## TASK GOAL
What you return should be the complete listing, unchanged, with no pictures in it.

INPUT: Begin

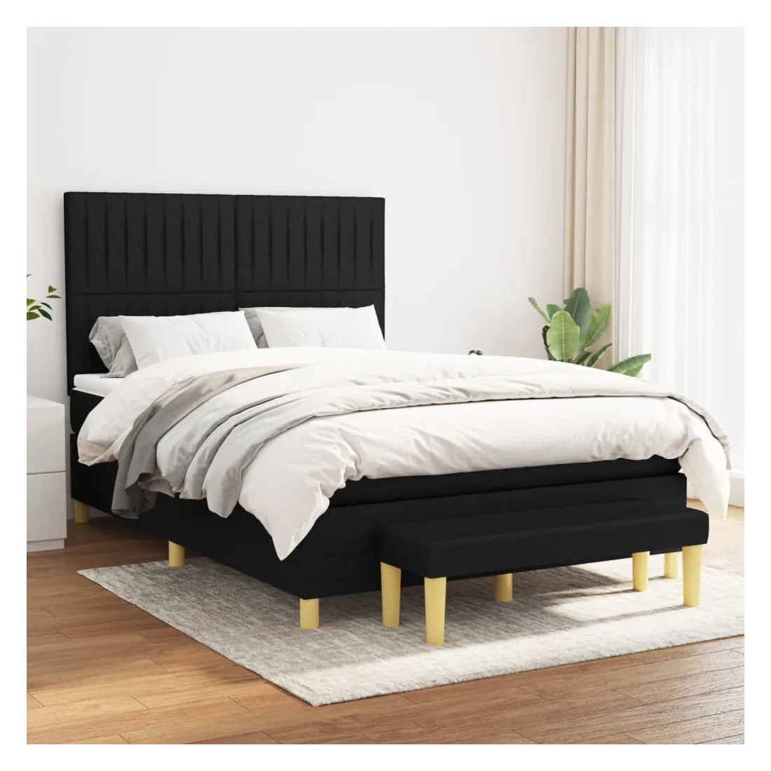 Sommier à lattes de lit avec matelas Noir 140x190 cm Tissu
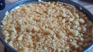 6. Nun die erste Hälfte des karamelisierten Krümelbodens auf der zweiten Schicht Sahne verstreichen. Zum Schluss das letzte Drittel der Sahne auf die Krümel verteilen. Final die zweite Hälfte der Krümel oben auf der Stachelbeertorte verteilen und bis zum Verzehr mindestens zwei Stunden kalt stellen.
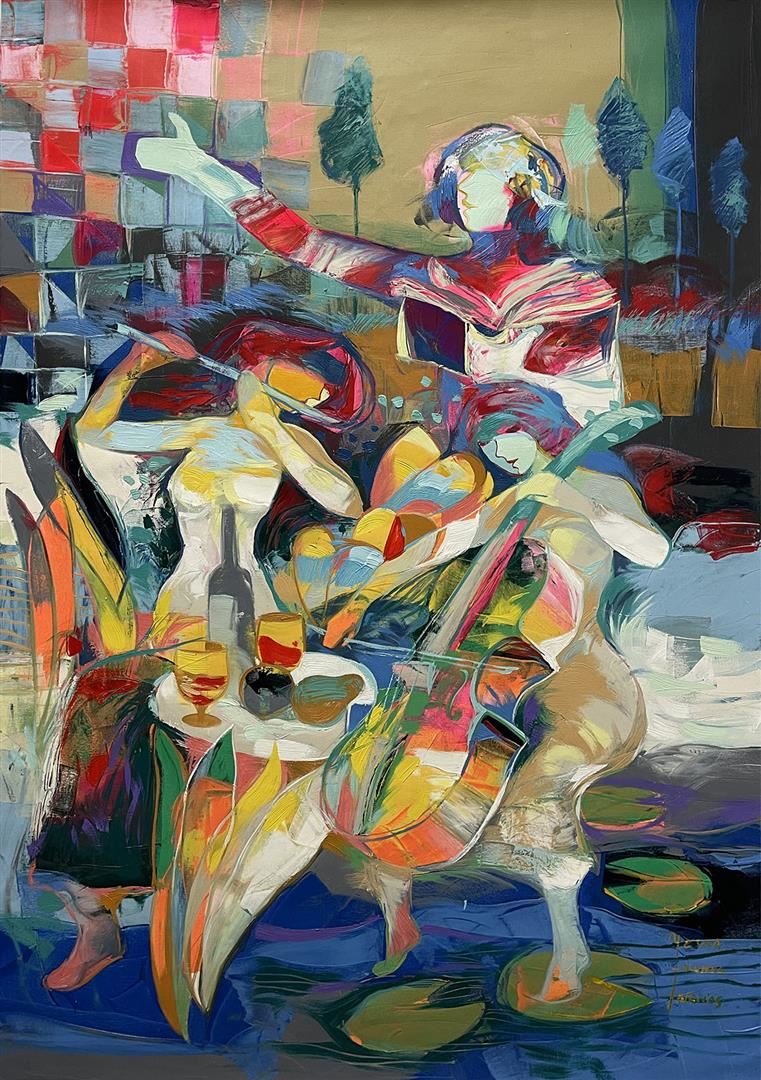 Brilliant original oil on canvas. Hand signed by artists. Artwork comes with a certificate of authenticity. This artwork comes rolled. Size 39x59"
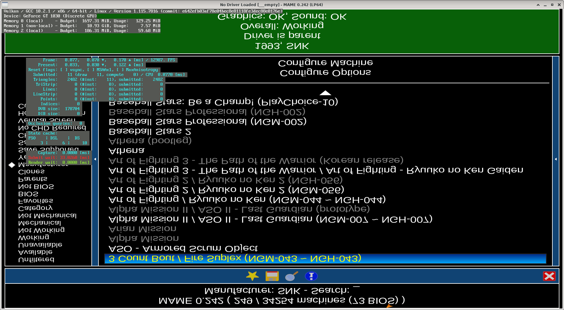 Ubuntu 20.04.3 totally updated in current date using kernel 5.17 FX-6300 3.5 GHz 6 cores and nvidia driver 470 GT 640 1 GB. Using SDLMAME 0.242. If BGFX is selected when mame is being started in main game select GUI even only rendering an simple list of games is being used all cpus cores and less of 10 % GPU usage at point not is possible start any game in 100 % speed. That problem happen if selecting both backend opengl or vulkan. If selecting instead opengl return the normal mame speed. That problem also is happening in windows or only in Linux ? |
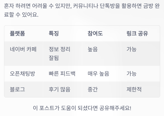 혼자 하려면 어려울 수 있지만, 커뮤니티나 단톡방, 오픈채팅 등을 활용하면

INPUT: End

## THE COMPLETED TASK
 Sommier à lattes de lit avec matelas Noir 140x190 cm Tissu
 6. Nun die erste Hälfte des karamelisierten Krümelbodens auf der zweiten Schicht Sahne verstreichen. Zum Schluss das letzte Drittel der Sahne auf die Krümel verteilen. Final die zweite Hälfte der Krümel oben auf der Stachelbeertorte verteilen und bis zum Verzehr mindestens zwei Stunden kalt stellen.
 Brilliant original oil on canvas. Hand signed by artists. Artwork comes with a certificate of authenticity. This artwork comes rolled. Size 39x59"
 Ubuntu 20.04.3 totally updated in current date using kernel 5.17 FX-6300 3.5 GHz 6 cores and nvidia driver 470 GT 640 1 GB. Using SDLMAME 0.242. If BGFX is selected when mame is being started in main game select GUI even only rendering an simple list of games is being used all cpus cores and less of 10 % GPU usage at point not is possible start any game in 100 % speed. That problem happen if selecting both backend opengl or vulkan. If selecting instead opengl return the normal mame speed. That problem also is happening in windows or only in Linux ? |
 혼자 하려면 어려울 수 있지만, 커뮤니티나 단톡방, 오픈채팅 등을 활용하면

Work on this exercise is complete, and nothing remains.